Session: 641. Chronic Lymphocytic Leukemias: Basic and Translational: Poster II
Hematology Disease Topics & Pathways:
Lymphoid Leukemias, CLL, assays, Diseases, Lymphoid Malignancies, Technology and Procedures, molecular testing
Methods: Subjects included 51 CLL patients and 12 healthy donors to obtain controls B-cell repertoires. BIOMED-2 PCR was performed according to the recommendation of the ERIC group. ARTISAN PCR was performed as earlier described by our group (Koning et al.). BIOMED-2 amplicons were sequenced by Sanger and ONT. ARTISAN PCR amplicons were sequenced by ONT. Internal NGS validation was performed by comparing ONT vs PacBio sequencing. A bioinformatic pipeline was developed for mutational status, clonal space and non-clonal B-cell repertoire characterization.
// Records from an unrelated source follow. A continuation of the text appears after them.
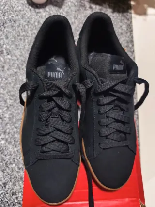 Sapatilhas Puma em camurça preta com sola em borracha castanha. - Design clássico e versátil. - Detalhe do logo Puma na lateral e na língua. - Fecho com atacadores pretos.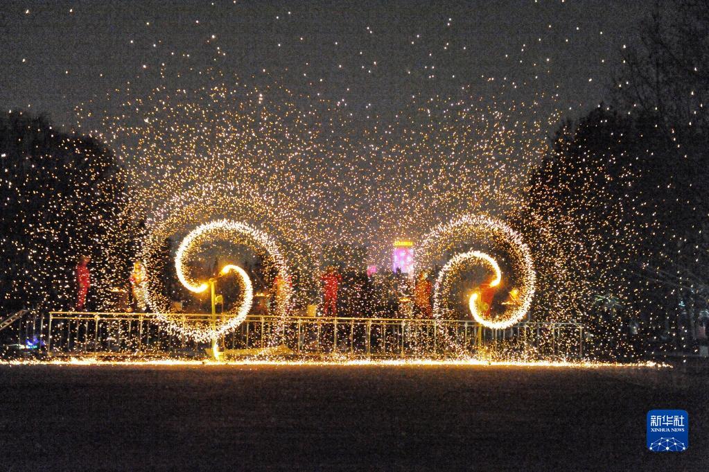 2月14日,在河南省洛陽(yáng)市洛龍區隋唐城遺址植物園,民俗藝人為市民、游客表演“打鐵花”,喜迎元宵佳節。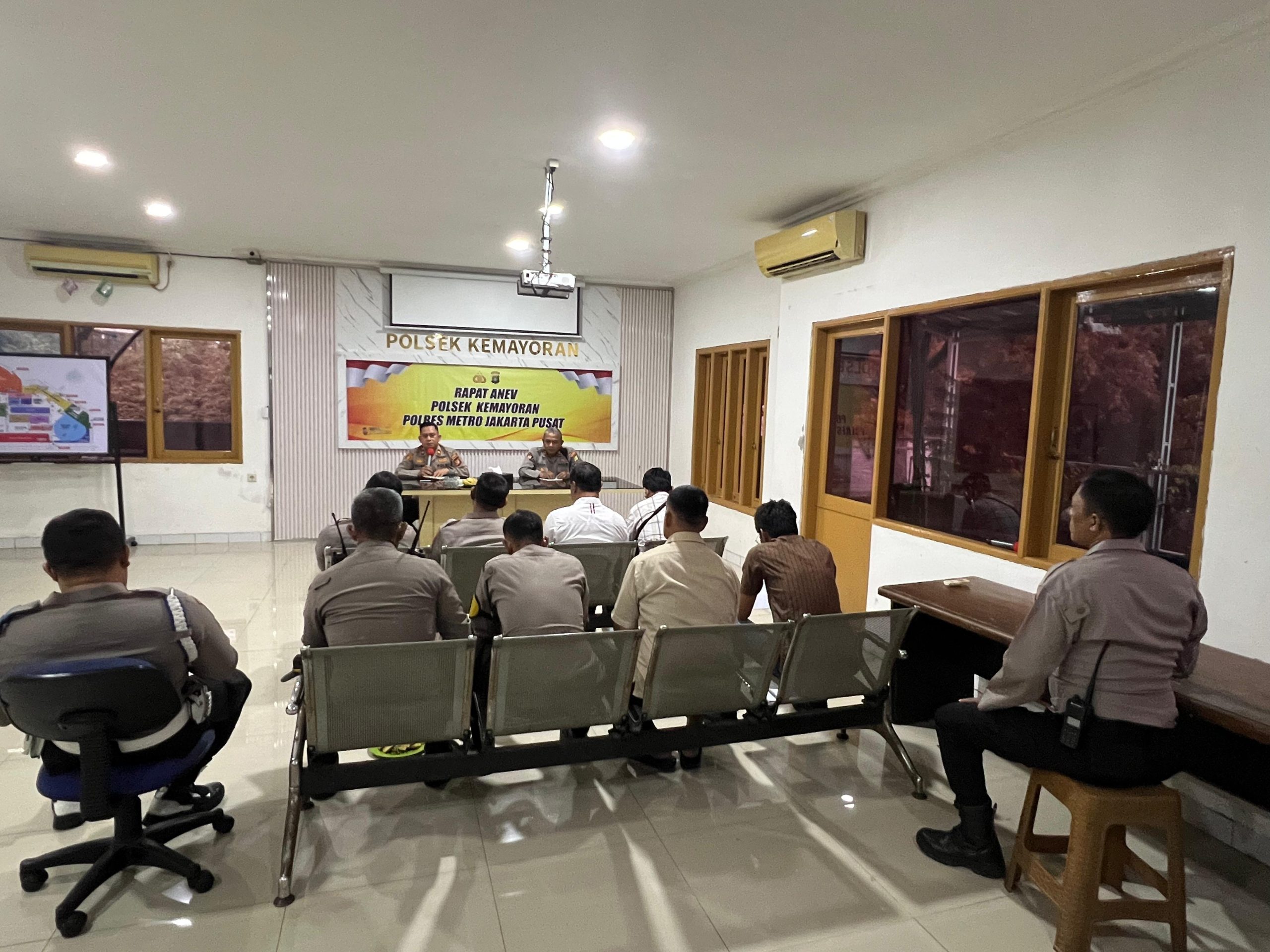 Melalui kegiatan Anev mingguan ini menjadi salah satu upaya Polsek Kemayoran untuk meningkatkan kamtibmas dan pelayanan kepada masyarakat di wilayah hukumnya.Humas Polres Metro Jakarta Pusat.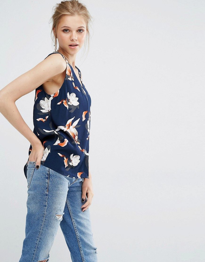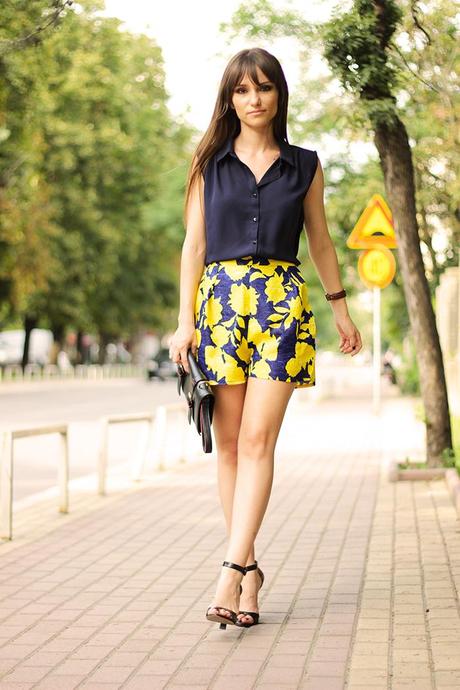 It would seem that wearing a simple dark blue cotton shirt, but how amazingly you can beat the image with an interesting print on the shorts.
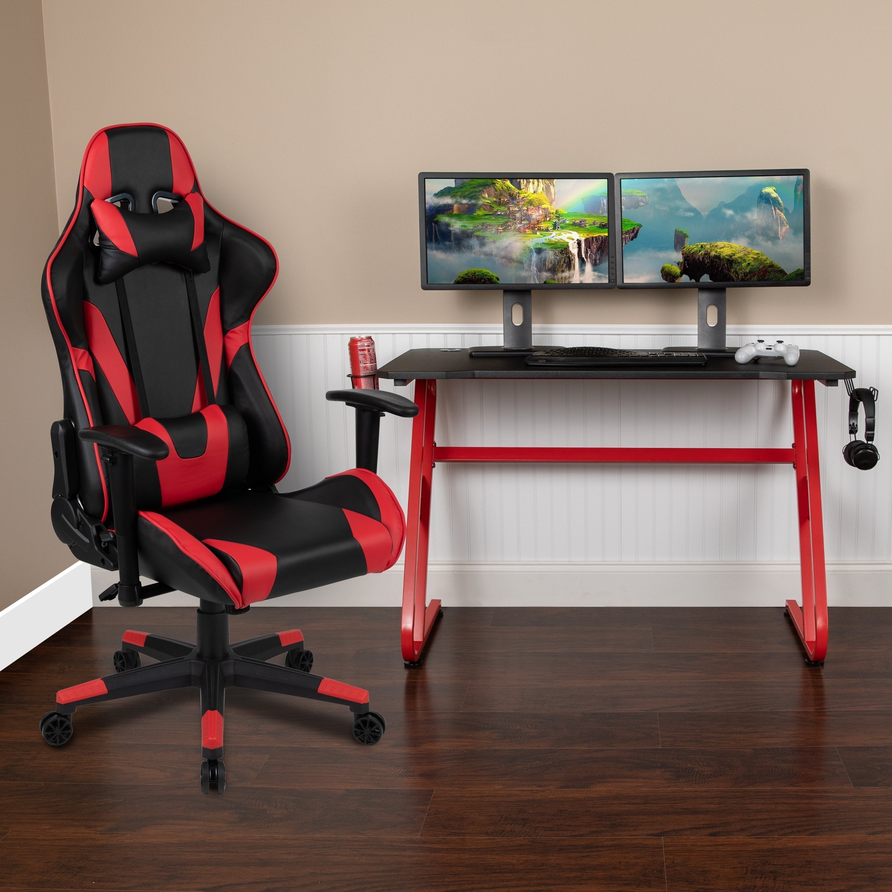 Red Gaming Desk and Red/Black Reclining Gaming Chair Set with Cup Holder and Headphone Hook (BLN-X20RSG1030-RD-GG)

Results: We performed a pre-validation step in 10 samples by comparing BIOMED-2 amplicons subject to Sanger sequencing vs ARTISAN amplicons measured by ONT sequencing. There was a 100% agreement in VDJ identification and mutational status classification. The VH genes coverage was significantly higher with Nanopore vs Sanger sequencing (mean coverage= 99.3% vs 88.4%) with an error rate of 2.5 variants/kb.
We then compared the ARTISAN-ONT performance with BIOMED-2 Sanger in an expansion cohort. ARTISAN-ONT performed with an equivalent mutational status classification in 96% of the cases (49/51). The correlation of IGHV homology was r = 0.85, p <0.0001. The sensitivity of ARTISAN-Nanopore was 91% and the specificity was 100%. In the discordant cases both methods lead to the identification of distinct clonal IGHV rearrangements. By ONT sequencing these cases had a low read count that could account for this discrepancy.
Since ARTISAN-Nanopore allows the characterization of the full B-cell repertoire, we further analyzed its characteristics contrasting with the repertoire of healthy donors.
ARTISAN-Nanopore allowed the unequivocal detection of overexpressed clonal reads in all cases, healthy donors showed no evidence of clonal expansion. The Clonal Space (CS, i.e., proportion of clonal reads/non-clonal reads) was 0.66 for M-CLL and 0.71 for UM-CLL. One sample showed bi-clonality with two overexpressed clonal rearrangements.
Healthy donors showed an average repertoire richness of 1178 vs 2806 in M-CLL and 2817 in UM-CLL as assessed by 0D Hill Index. CLL showed a significant lower number of common rearrangements: 63 in UM-CLL, 31 in M-CLL as compared with 1076 in healthy donors. On the other hand, CLL cases showed higher mean aminoacidic charge and larger CDR3 mean length on non-clonal B-cells (charge 0.75 in M-CLL, 0.58 in UM-CLL vs 0.15 in healthy donors; CDR3 length 18.2 aa in M-CLL, 19.55 in UM-CLL and 15.8 in healthy donors). This data indicates disturbances in the diversity and composition of the remaining non-clonal B-cell repertoire in CLL.
Conclusion: Here we present an amplicon NGS-based strategy to determine the IGHV mutational status and the size of the occupied clonal space by the tumor clone, which also enables the characterization of the non-clonal B-cell repertoire in CLL patients. The strategy it fast, reliable, shows high specificity and sensitivity. This method relies on ONT sequencing, thus implies a relatively low investment being suitable for small laboratories around the world. This new methodology represents a cost-effective approach that should facilitate molecular testing availability in CLL.
Disclosures: No relevant conflicts of interest to declare.